In dieser französischen Netflix-Produktion geht es um einen Dieb der, inspiriert von den Geschichten über den Meisterdieb Arsène Lupin, einen spektakulären Diamantenraub vollzieht, um den Tod seines Vaters zu rächen. Doch die Familie, mit der er sich anlegt, ist reich, mächtig und scheut keine Mittel, ihren Ruf und ihre Position zu erhalten. Auch diese Story gewinnt keinen Emmy, ist aber spannend inszeniert und gut erzählt. Hauptdarsteller Omar Sy ist allerdings der Hauptgrund, diese Serie anzuschauen. Die Macher der Serie geben sich sichtlich Mühe, ihn wie einen zweiten Idris Elba aussehen zu lassen und diese Aufgabe meistert Omar Sy mit Bravour, allerdings ohne das Vorbild einfach nachzuahmen. Er ist fit, selbstbewusst, gut gestylt und badass, aber trägt dabei immer ein gewinnendes Lächeln im Gesicht, was ihn für den Zuschauer sehr sympathisch macht. Wer was Leichtverdauliches für einen regnerischen Sonntag sucht, dem sei Lupin an Herz gelegt.

Filme

Parasite

Gar nicht so leicht verdaulich ist Parasite vom koreanischen Regisseur Bong Joon-ho. Hier geht es um eine Familie aus armen Verhältnissen, deren jüngster Spross Kim Ki-woo durch einen glücklichen Zufall eine Anstellung als Nachhilfelehrer bei einer äußerst wohlhabenden Familie Park bekommt.
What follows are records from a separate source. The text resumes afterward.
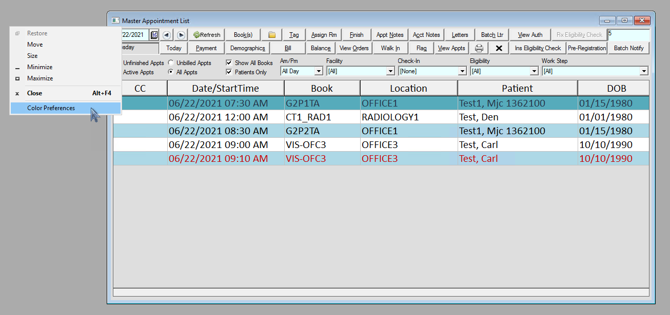 A grid is the multi-row, multi-column component of any screen (i.e. dialog box) that lists information. For instance, in the Master List View, the list of patient appointments is contained in a grid. In the Appointment Review View, the list of appointment requests is contained in a grid. In the Medications History, the list of a patient's medications is contained in a grid. Using the Odd / Even Row Background color settings can help create better differentiation between consecutive rows, as seen in the above screenshot of the Master List.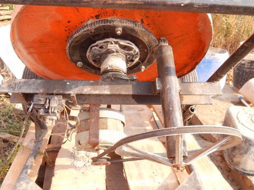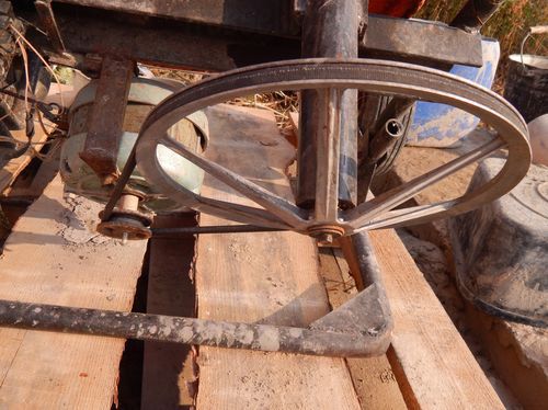 - на двигателе стоит шкив диаметром 6 см, который (ременной передачей) вращает большой шкив (от стиральной машины автомат) на 34 см, он одной осью соединен с шестерней стартера от Москвича, он и вращает маховик, на котором груша.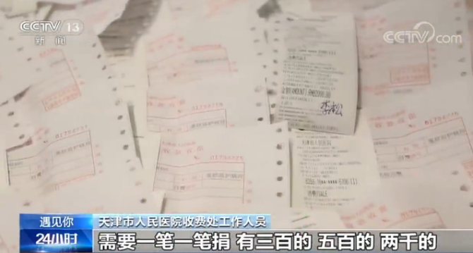 天津市人民醫(yī)院收費處 工作人員:需要一筆一筆捐,有三百的、五百的、兩千的,從晚上十點多一直交到凌晨一點多。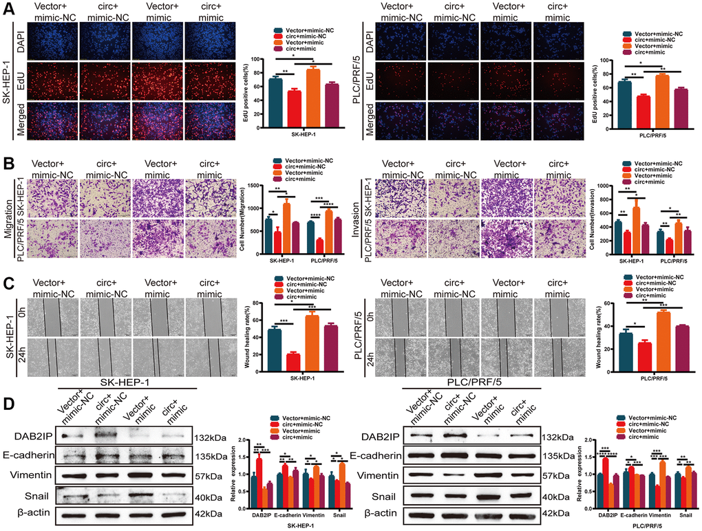 What’s more, we co-transfected HCC cells with circSLCO1B7-overexpressing plasmids and the miR-556-3p mimic. We constructed four groups: Vector+mimic-NC, circ+mimic-NC, Vector+mimic and circ+mimic. EdU assays, Transwell assays and wound healing assays were performed. The results showed that the proliferation, invasion and migration abilities of HCC cells were decreased in circ+mimic-NC group and increased in the Vector+mimic group (Figure 6A–6C). The miR-556-3p mimic could antagonize the effect of circSLCO1B7 in inhibiting tumor metastasis. Western blot analysis showed that overexpression of circSLCO1B7 increased the expression levels of DAB2IP and E-cadherin proteins and reduced the expressions levels of Vimentin and Snail proteins. Moreover, miR-556-3p mimic could reverse this effect (Figure 6D). Thus, these data indicated that circSLCO1B7 could affect tumor metastasis by sponging miR-556-3p to regulate the expression of DAB2IP.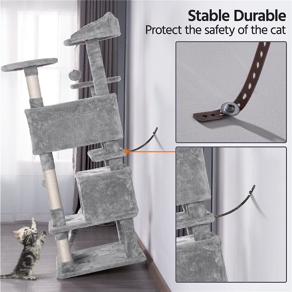 The particle wood platforms and support posts provide steady surfaces for your cat to climb up and down freely. An included safety strap lets you secure the cat tree to the wall, to help prevent damage and injury from tips during intensive jumping and play.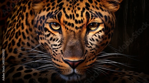 Naklejka premium Intense gaze of a majestic wild leopard close-up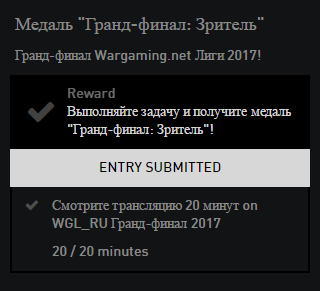Excelion:   Ясно-понятно. Если в соцсетях не зарегистрирован - то мимо. Спасибо, картошка! Как обычно, все для игроков. Медаль «Гранд-финал: Зритель» Условия: Всё очень просто: посмотрите трансляцию 20 минут и получите медаль «Гранд-финал: Зритель». Этот квест можно выполнить один раз в день. Таким образом, за 4 дня трансляции можно получить 4 медали.

Die Familie wittert hier sofort eine Chance und so vermittelt Kim sowohl seine Schwester als auch seine beiden Eltern nach und nach als Angestellte. Dass Familie Kim dadurch wie ein durstiger Parasit an den Parks hängt, ist schon düster genug, jedoch machen die Kims bald eine noch viel düsterere Entdeckung und bald gerät einiges außer Kontrolle. Parasite ist teils Familiendrama, teils Komödie und zum Schluss sogar Psychothriller und erzählt wie schon Bong Joon-hos Kultstreifen Snowpiercer eine aufreibende Geschichte von Klassenunterschieden, Ungerechtigkeit und gesellschaftlichen Abgründen. Viel Action gibt es hier diesmal jedoch nicht. Das Erzähltempo in Parasite ist zu Beginn gemächlich und der Film lebt hauptsächlich von den Schauspielern und der Spannung, die sich ganz langsam zwischen den Figuren aufbaut. Zum Schluss gewinnt er extrem an Intensität und bietet einige Momente, bei denen man nicht so recht weiß, ob man hin- oder wegschauen möchte. Diese rapiden Wechsel in Erzähltempo und inhaltlicher sowie visueller Intensität sind eines der Markenzeichen koreanischen Kinos, die ich sehr schätze, die aber nicht für jeden sind. Wer Oldboy (das Original von 2003) und Snowpiercer mochte, kann sich Parasite schon anschauen, darf aber wie gesagt keinen Actionfilm erwarten. Dennoch ein ganz schön harter Brocken und gleichzeitig brillantes Stück Filmgeschichte. Für Cineasten ein Muss.